→ Task item
Repeat exactly the lines of the records below, starting at the line containing "It was essential" and ending at the line containing "De route volgt". Leave the pictures out.

→ Given data
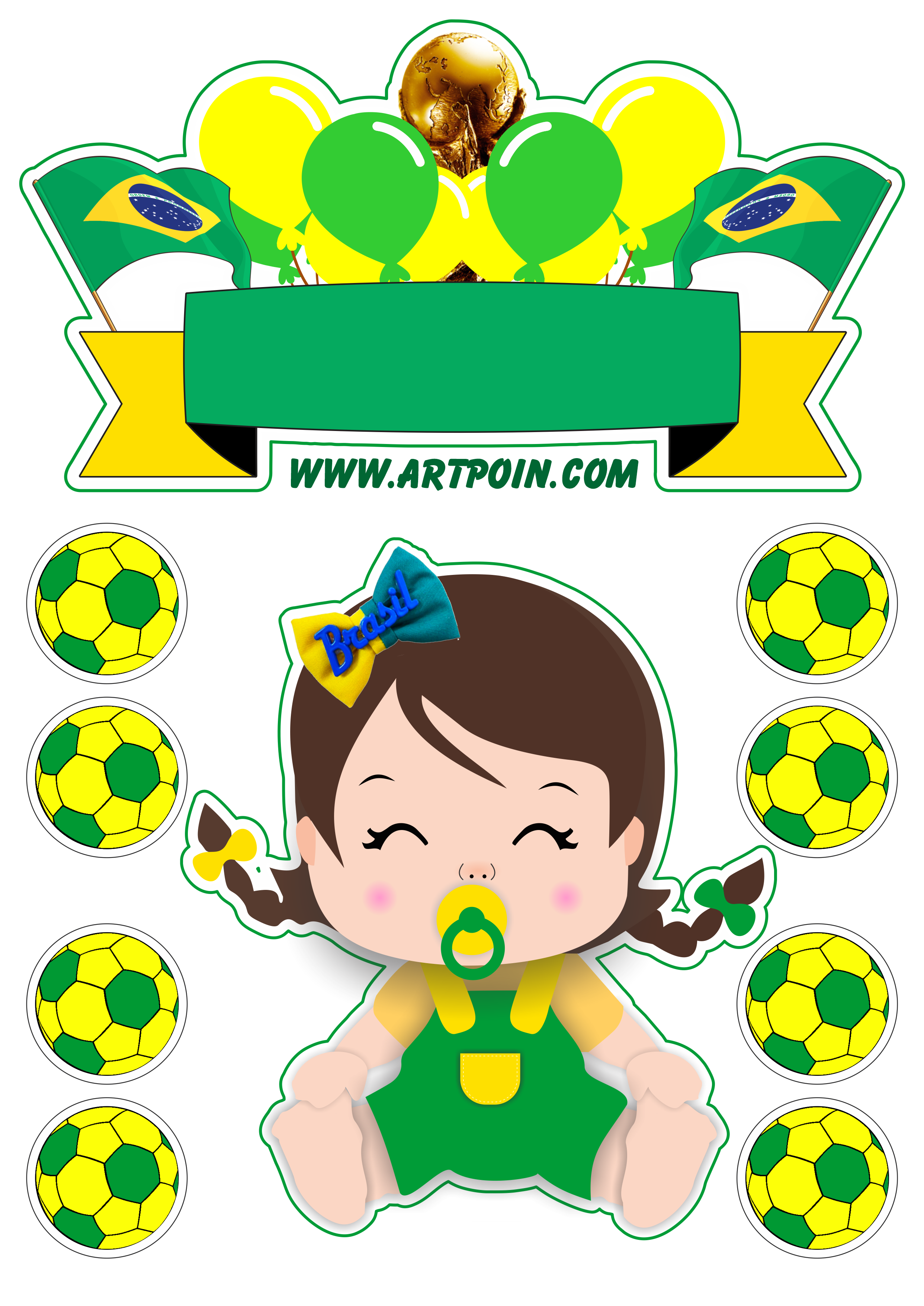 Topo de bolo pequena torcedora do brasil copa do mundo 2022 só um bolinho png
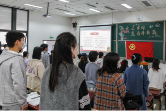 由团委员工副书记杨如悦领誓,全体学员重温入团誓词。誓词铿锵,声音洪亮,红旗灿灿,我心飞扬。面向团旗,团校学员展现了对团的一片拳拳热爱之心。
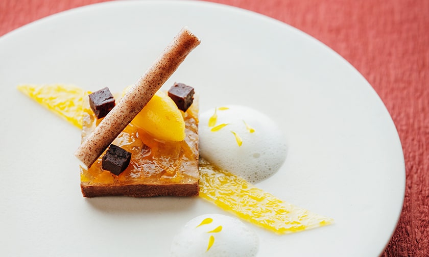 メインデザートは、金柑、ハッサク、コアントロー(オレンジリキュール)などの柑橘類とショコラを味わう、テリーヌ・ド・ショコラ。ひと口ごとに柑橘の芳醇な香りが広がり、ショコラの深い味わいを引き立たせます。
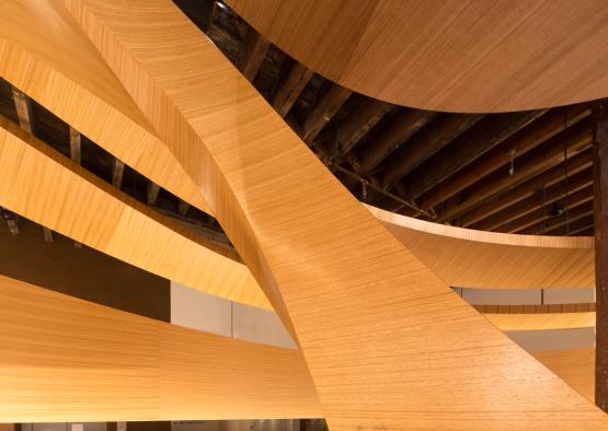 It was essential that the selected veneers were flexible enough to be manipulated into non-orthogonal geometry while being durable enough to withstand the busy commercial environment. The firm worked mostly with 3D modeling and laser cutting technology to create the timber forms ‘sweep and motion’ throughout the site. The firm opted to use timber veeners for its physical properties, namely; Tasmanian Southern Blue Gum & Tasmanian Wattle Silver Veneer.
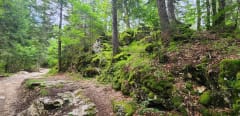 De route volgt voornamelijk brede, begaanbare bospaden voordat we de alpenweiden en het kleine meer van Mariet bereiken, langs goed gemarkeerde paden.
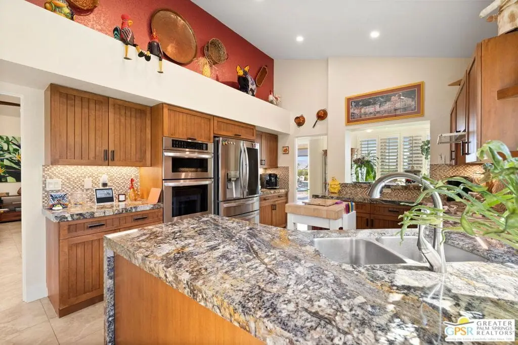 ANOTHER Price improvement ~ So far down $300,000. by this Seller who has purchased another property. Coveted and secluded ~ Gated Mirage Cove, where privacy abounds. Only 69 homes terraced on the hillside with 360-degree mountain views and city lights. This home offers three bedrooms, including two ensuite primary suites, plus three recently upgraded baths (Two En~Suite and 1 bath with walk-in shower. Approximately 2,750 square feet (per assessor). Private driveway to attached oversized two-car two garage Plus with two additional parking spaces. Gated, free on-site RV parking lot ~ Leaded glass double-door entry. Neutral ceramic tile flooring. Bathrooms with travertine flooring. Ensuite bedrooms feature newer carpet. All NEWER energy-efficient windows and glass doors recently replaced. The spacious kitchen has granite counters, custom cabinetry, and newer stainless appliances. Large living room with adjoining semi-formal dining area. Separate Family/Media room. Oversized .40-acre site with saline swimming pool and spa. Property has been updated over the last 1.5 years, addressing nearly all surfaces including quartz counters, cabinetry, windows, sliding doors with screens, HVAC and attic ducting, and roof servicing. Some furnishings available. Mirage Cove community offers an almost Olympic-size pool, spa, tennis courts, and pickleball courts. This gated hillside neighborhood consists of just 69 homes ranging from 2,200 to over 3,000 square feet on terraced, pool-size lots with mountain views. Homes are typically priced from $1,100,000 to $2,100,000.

→ Task result
 It was essential that the selected veneers were flexible enough to be manipulated into non-orthogonal geometry while being durable enough to withstand the busy commercial environment. The firm worked mostly with 3D modeling and laser cutting technology to create the timber forms ‘sweep and motion’ throughout the site. The firm opted to use timber veeners for its physical properties, namely; Tasmanian Southern Blue Gum & Tasmanian Wattle Silver Veneer.
 De route volgt voornamelijk brede, begaanbare bospaden voordat we de alpenweiden en het kleine meer van Mariet bereiken, langs goed gemarkeerde paden.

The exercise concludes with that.